• [Assignment] With every picture left out, restate the listing below exactly as written.

• [The data]
---*---

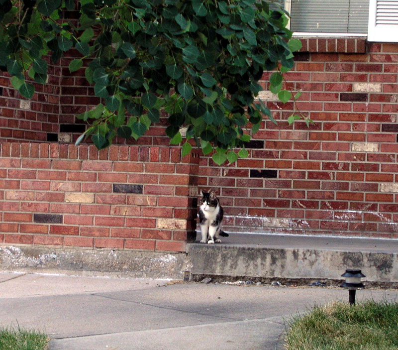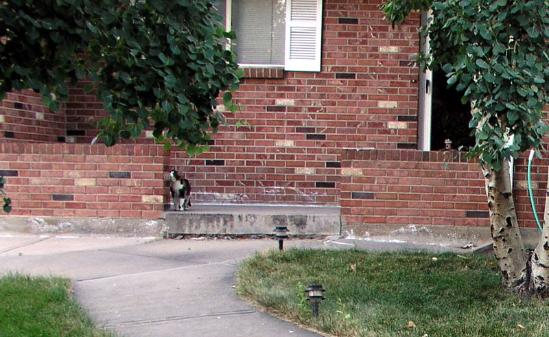 Mike and Phoebe went to the front of the house for a little walk. The brick there was always deemed rubbable.
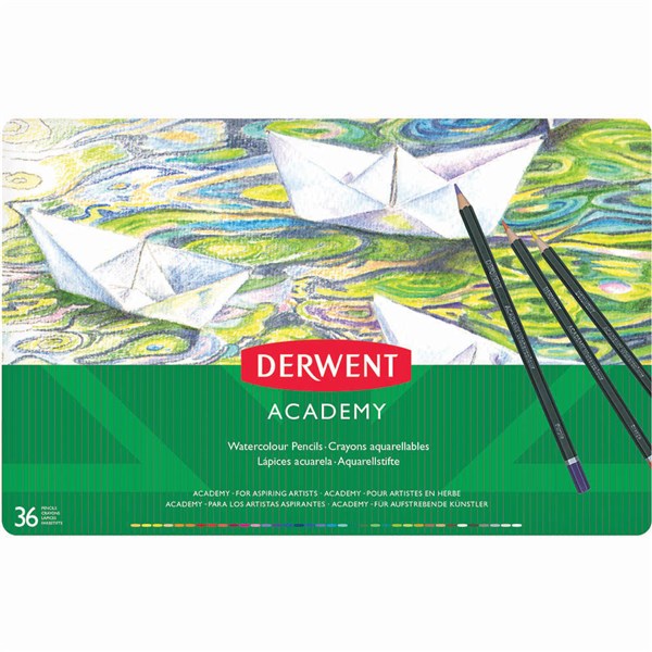 DERWENT ACADEMY WATERCOLOUR PENCILS ASSORTED TIN 36
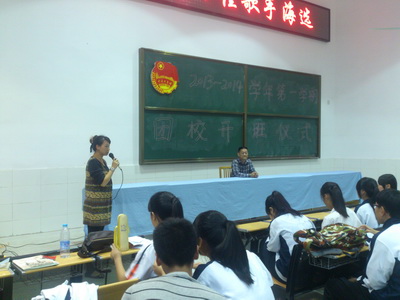 | 2013年10月31日下午,我校團(tuán)校開班儀式在思源樓的階梯教室正式召開。 儀式開始前,參加此次開班儀式的60余位入團(tuán)積極分子通過了儀容儀表檢查。此次開班儀式的主持人是王翠娟老師,特別來賓是商雄書記。首先,主持人宣布儀式開始,并介紹了特別來賓。接著我校黨總支書記商雄老師為即將加入共青團(tuán)的學(xué)生們做了動(dòng)員,他的演講振奮了在座的同學(xué)們,同學(xué)們都聽得全神貫注。最后同學(xué)們紛紛表示,作為入團(tuán)積極分子的一員,要做好自己的學(xué)生榜樣,以嚴(yán)格的標(biāo)準(zhǔn)衡量自己,用積極的態(tài)度去面對(duì)學(xué)習(xí)、生活。 福州商貿(mào)職專 福州二十二中 2013.11.3  |
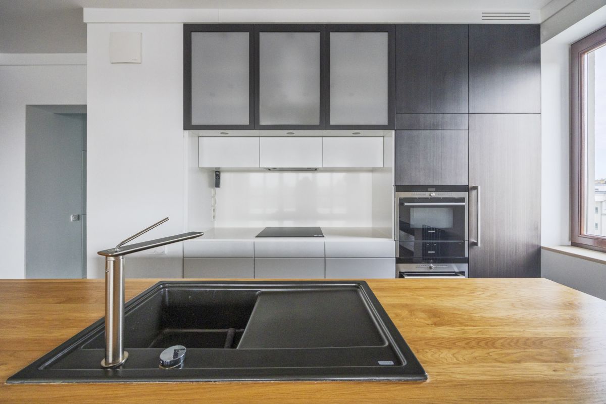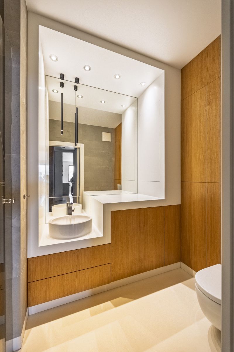 Wnętrze zostało zaprojektowane z dbałością o najmniejszy detal, co widać w doborze materiałów i przemyślanych systemach przechowywania:

---*---

• [Answer to this problem]
 Mike and Phoebe went to the front of the house for a little walk. The brick there was always deemed rubbable.
 DERWENT ACADEMY WATERCOLOUR PENCILS ASSORTED TIN 36
 | 2013年10月31日下午,我校團(tuán)校開班儀式在思源樓的階梯教室正式召開。 儀式開始前,參加此次開班儀式的60余位入團(tuán)積極分子通過了儀容儀表檢查。此次開班儀式的主持人是王翠娟老師,特別來賓是商雄書記。首先,主持人宣布儀式開始,并介紹了特別來賓。接著我校黨總支書記商雄老師為即將加入共青團(tuán)的學(xué)生們做了動(dòng)員,他的演講振奮了在座的同學(xué)們,同學(xué)們都聽得全神貫注。最后同學(xué)們紛紛表示,作為入團(tuán)積極分子的一員,要做好自己的學(xué)生榜樣,以嚴(yán)格的標(biāo)準(zhǔn)衡量自己,用積極的態(tài)度去面對(duì)學(xué)習(xí)、生活。 福州商貿(mào)職專 福州二十二中 2013.11.3  |
 Wnętrze zostało zaprojektowane z dbałością o najmniejszy detal, co widać w doborze materiałów i przemyślanych systemach przechowywania:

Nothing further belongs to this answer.